5 he saved us because of his mercy, not because of righteous things we had done. He did it through the washing of new birth and the renewing by the Holy Spirit, 6 which God poured out upon us generously through Jesus Christ our savior.
This text is one of the core foundations of our theological beliefs as Methodists YET, I’d argue, one of the most difficult to live into. God’s love is a gift, given without a price. Our culture is focused on doing and achieving. What’s one of the first questions you ask someone when you meet them? “So, what do you do for a living?” – as if our identity is created by what it is we do. For the record, people often get super weird when I respond with, “pastor”.

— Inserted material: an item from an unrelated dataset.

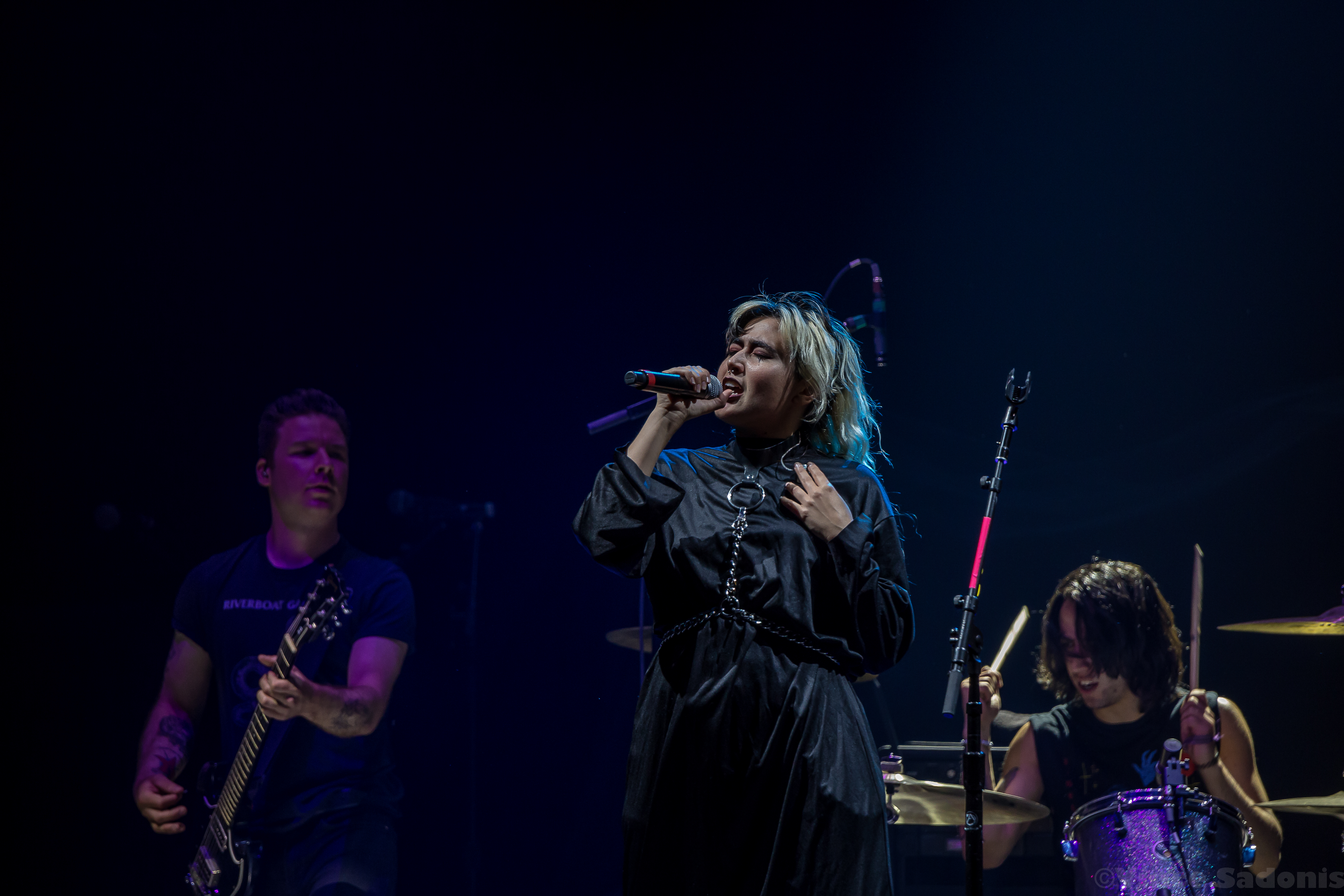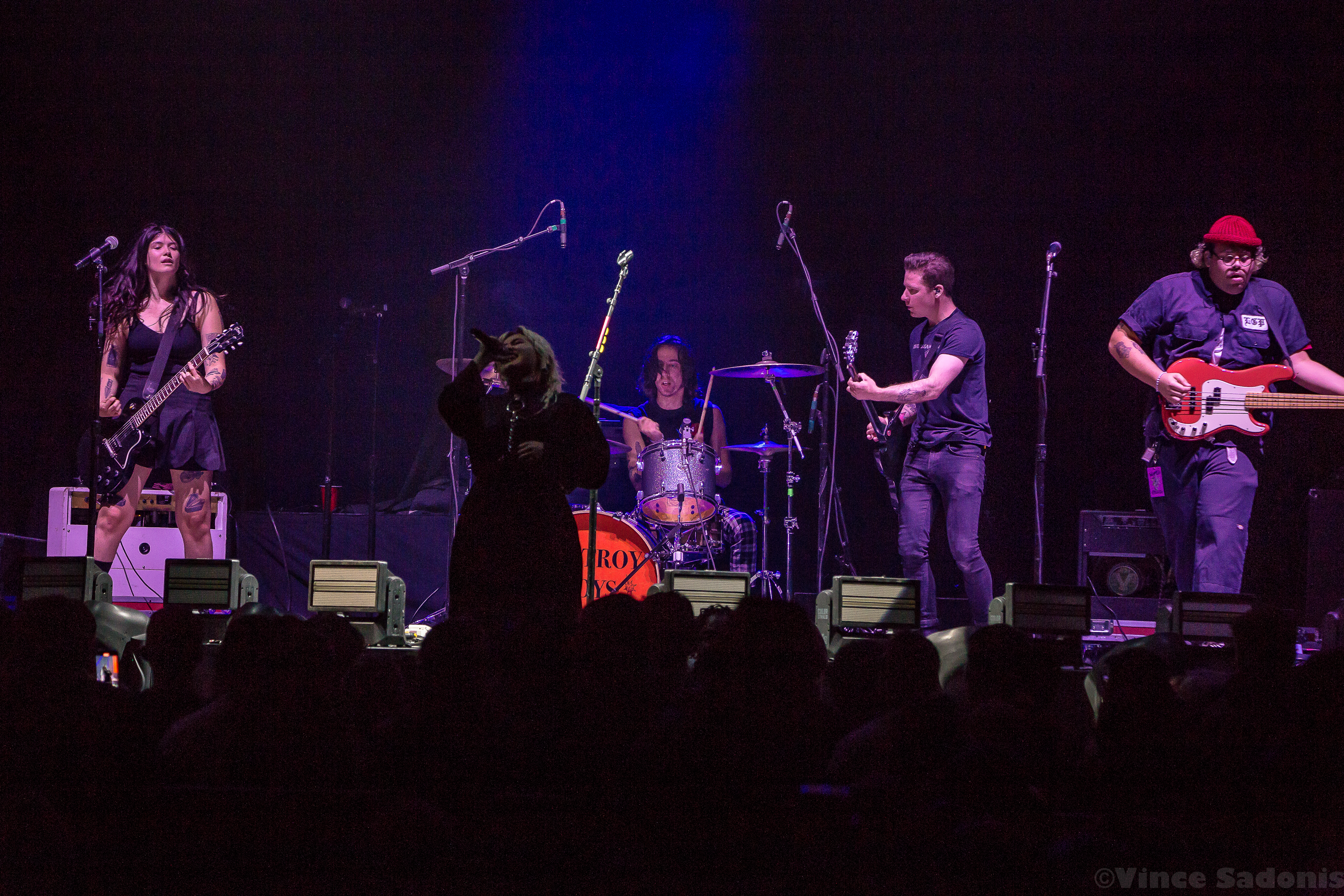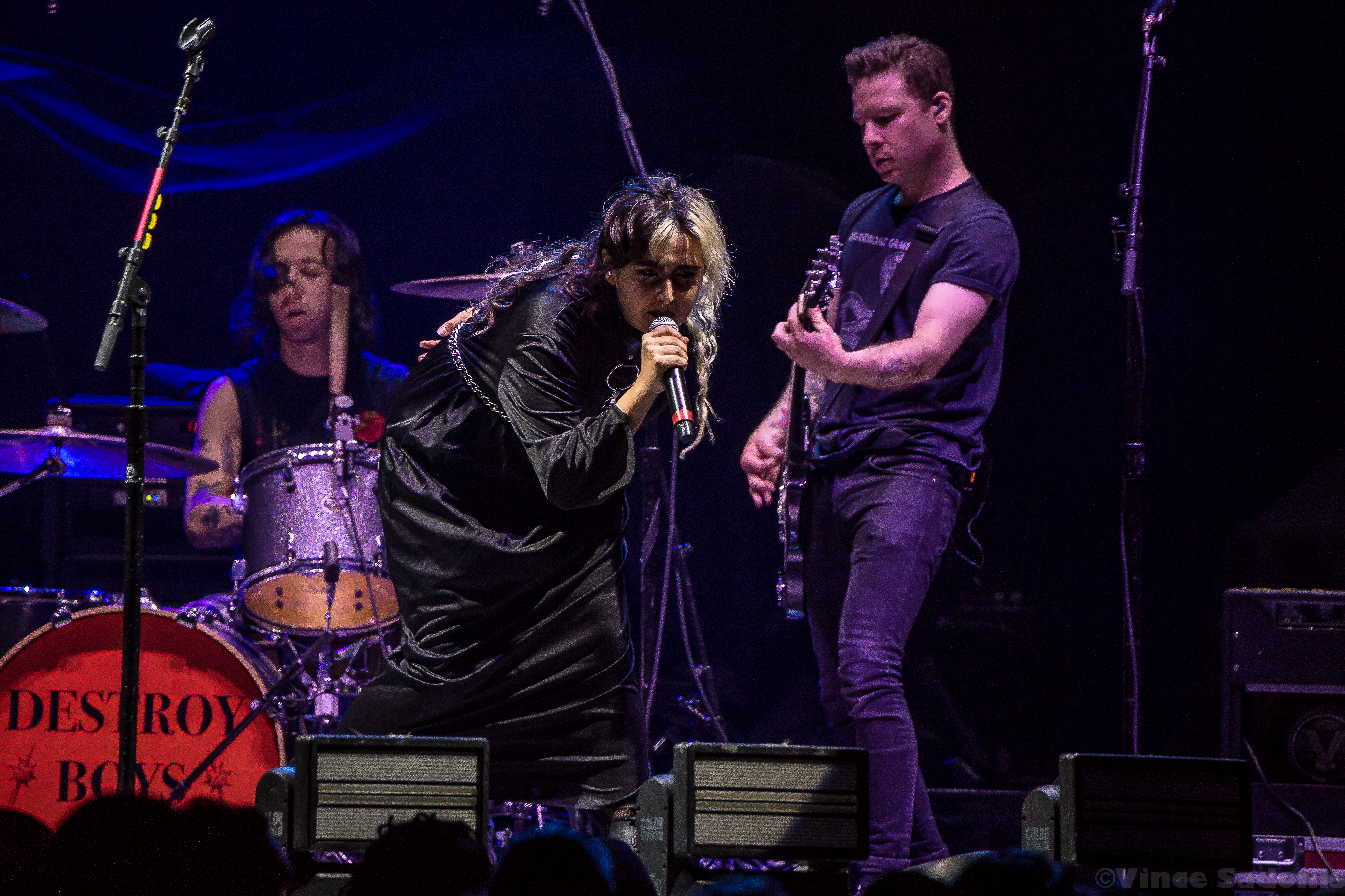For this date of the tour, latest Hopeless Records signing Destory Boys opened the show. Singer Alexia Roditis came out dressed as a nun, which may have been a jab at the loud Christian protesters who were in front of the venue. They were proclaiming everyone is going to hell for attending the concert. If the nun outfit wasn’t towards them, it was a coincidence. The band would then break into a cover of “Bulls On Parade” by Rage Against The Machine, which was done very well. Even though Destroy Boys are a new signing to Hopeless Records, they have plenty of material out for they have been performing since around 2015. They performed songs from almost all their albums with the most being from Open Mouth, Open Heart. With almost a pack venuealready, Destroy Boys put on a great show that showcased the spirit of punk as if it was performed in a small venue.

I myself have been trying to get in the habit of asking people, “so what does your life look like?” instead of about what their occupation is. The question tends to throw people off, but ultimately yields good results. Many don’t then begin by talking about what their job is. Maybe they’ll talk about a relationship they have, a hobby their passionate about or a goal they’ve been working toward. It’s actually very beautiful.
Who we are is not what we do.
Thank goodness! Because we mess up. A lot. Even when we try not to, we make mistakes. We unintentionally hurt peoples feelings. We snap at a loved one out of exhaustion. We think about ourselves before others. Even when this is what we do, it isn’t who we are. Who we are, are beloved children of God. Full stop. The things we do, and more notably, the things we do wrong, don’t define who we are.
By Rachel Callender
For Pondering & Prayer
Have you ever noticed yourself working for the purpose of proving yourself? What message do you need to hear in order to do work as a by-product of love, not to earn it? How can you share that message with someone else?
Prayer: God of Mercy, no act of righteousness we have done can ever live up to your abounding love for us. Forgive us for trying to match your love instead of spread it. Amen.